- **What you have to do**: Repeat all the records exactly, omitting pictures.

- **Dataset extract**:
^^^^^^^^

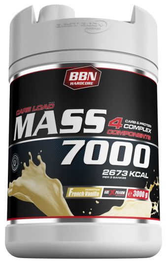 BBN Hardcore Mass 7000 de Best Body Nutrition es un suplemento ganador de peso en polvo para un rápido desarrollo de la masa muscular que combina una matriz de 4 carbohidratos (maltodextrina, dextrosa, avena y almidón de maíz) con un complejo proteico de 4 fuentes de proteína (proteína de suero de leche, proteína de leche, proteína de huevo y proteína de soja aislada) optimizado con creatina y zinc.
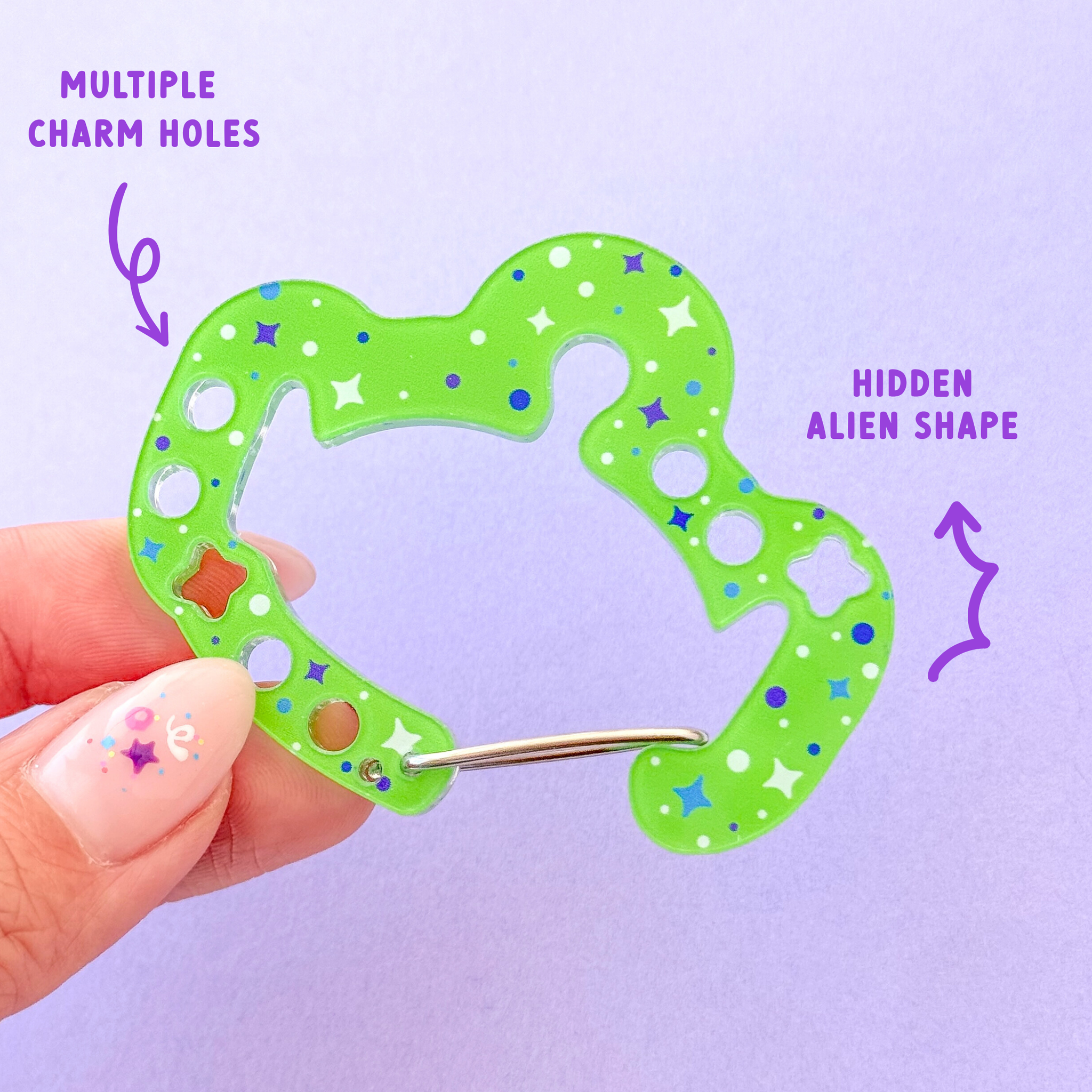 A fun hidden Aliens themed acrylic carabiner to help hold and organize all your charms! This carabiner hosts 8 extra charm hole slots (6 circular holes, 2 star shaped holes).
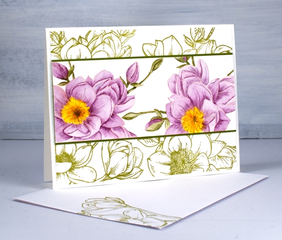 This is a card which changed shape and style several times before it turned into the design you see above. The watercoloured flowers and the green stamped flowers are from the same MFT ‘magnolia blossoms’ set.
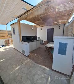 La struttura è così composta, camera da letto matrimoniale con un letto a castello con servizio igienico in camera, cucina attrezzata, terrazzo attrezzato con barbecue e piano di lavoro, tavolo e sedie, sdraio,doccia esterna e presenta un servizio igienico esterno con wc e doccia. Giardino privato con alberi di limone e mandarino,spezie e fiori ornamentali. Posto auto interno protetto da vela per garantire l'auto all'ombra.
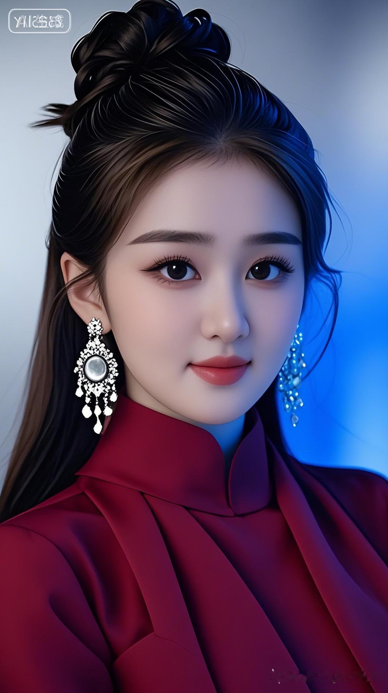中长发佳人着酒红色衣装,容颜秀丽完美,气质集高级、高贵与典雅于一身,身姿优雅曼妙,纯澈蓝色背景衬得人物愈发精致出众。
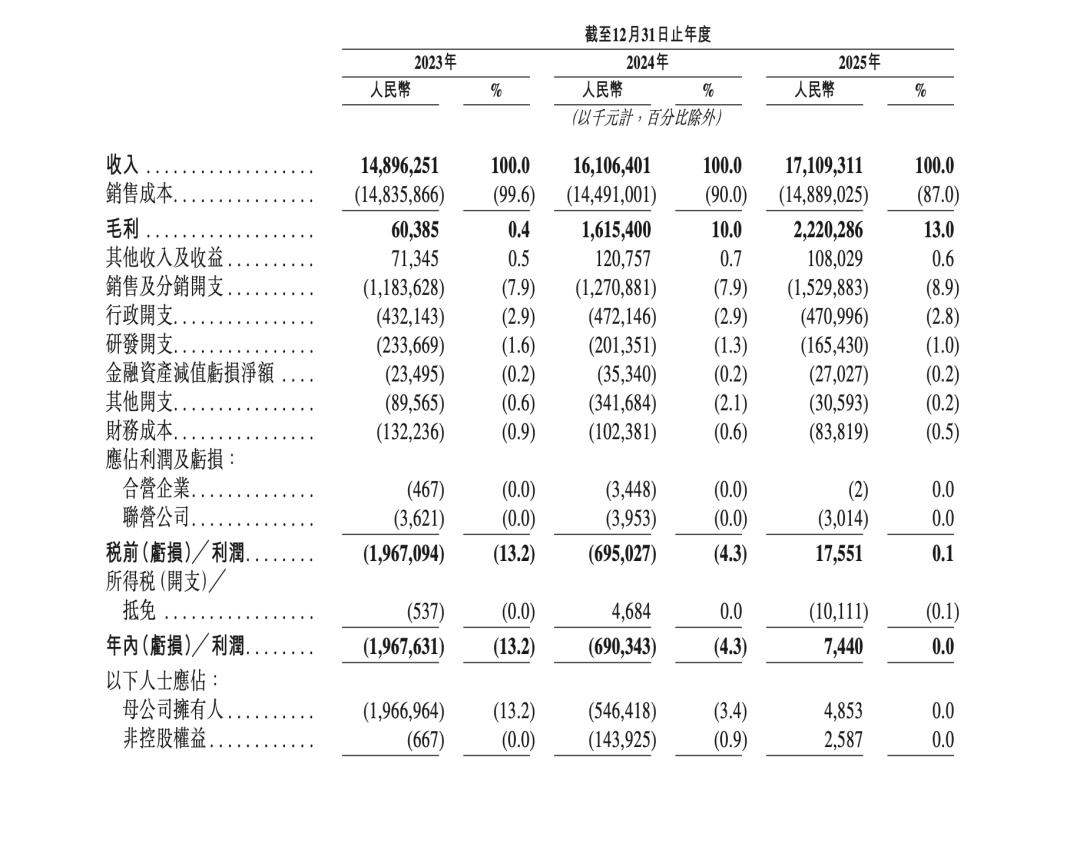 报告期内,T3出行的收入分别约148.96亿、161.06亿、171.09亿元;毛利分别约6038.5万、16.15亿、22.20亿元,毛利率分别为0.4%、10.0%、13.0%;净利润分别约-19.68亿、-6.90亿、744.0万元,经调整净利润分别约-19.53亿、6.75亿、5299.9万元。

^^^^^^^^

- **Response below**:
 BBN Hardcore Mass 7000 de Best Body Nutrition es un suplemento ganador de peso en polvo para un rápido desarrollo de la masa muscular que combina una matriz de 4 carbohidratos (maltodextrina, dextrosa, avena y almidón de maíz) con un complejo proteico de 4 fuentes de proteína (proteína de suero de leche, proteína de leche, proteína de huevo y proteína de soja aislada) optimizado con creatina y zinc.
 A fun hidden Aliens themed acrylic carabiner to help hold and organize all your charms! This carabiner hosts 8 extra charm hole slots (6 circular holes, 2 star shaped holes).
 This is a card which changed shape and style several times before it turned into the design you see above. The watercoloured flowers and the green stamped flowers are from the same MFT ‘magnolia blossoms’ set.
 La struttura è così composta, camera da letto matrimoniale con un letto a castello con servizio igienico in camera, cucina attrezzata, terrazzo attrezzato con barbecue e piano di lavoro, tavolo e sedie, sdraio,doccia esterna e presenta un servizio igienico esterno con wc e doccia. Giardino privato con alberi di limone e mandarino,spezie e fiori ornamentali. Posto auto interno protetto da vela per garantire l'auto all'ombra.
中长发佳人着酒红色衣装,容颜秀丽完美,气质集高级、高贵与典雅于一身,身姿优雅曼妙,纯澈蓝色背景衬得人物愈发精致出众。
 报告期内,T3出行的收入分别约148.96亿、161.06亿、171.09亿元;毛利分别约6038.5万、16.15亿、22.20亿元,毛利率分别为0.4%、10.0%、13.0%;净利润分别约-19.68亿、-6.90亿、744.0万元,经调整净利润分别约-19.53亿、6.75亿、5299.9万元。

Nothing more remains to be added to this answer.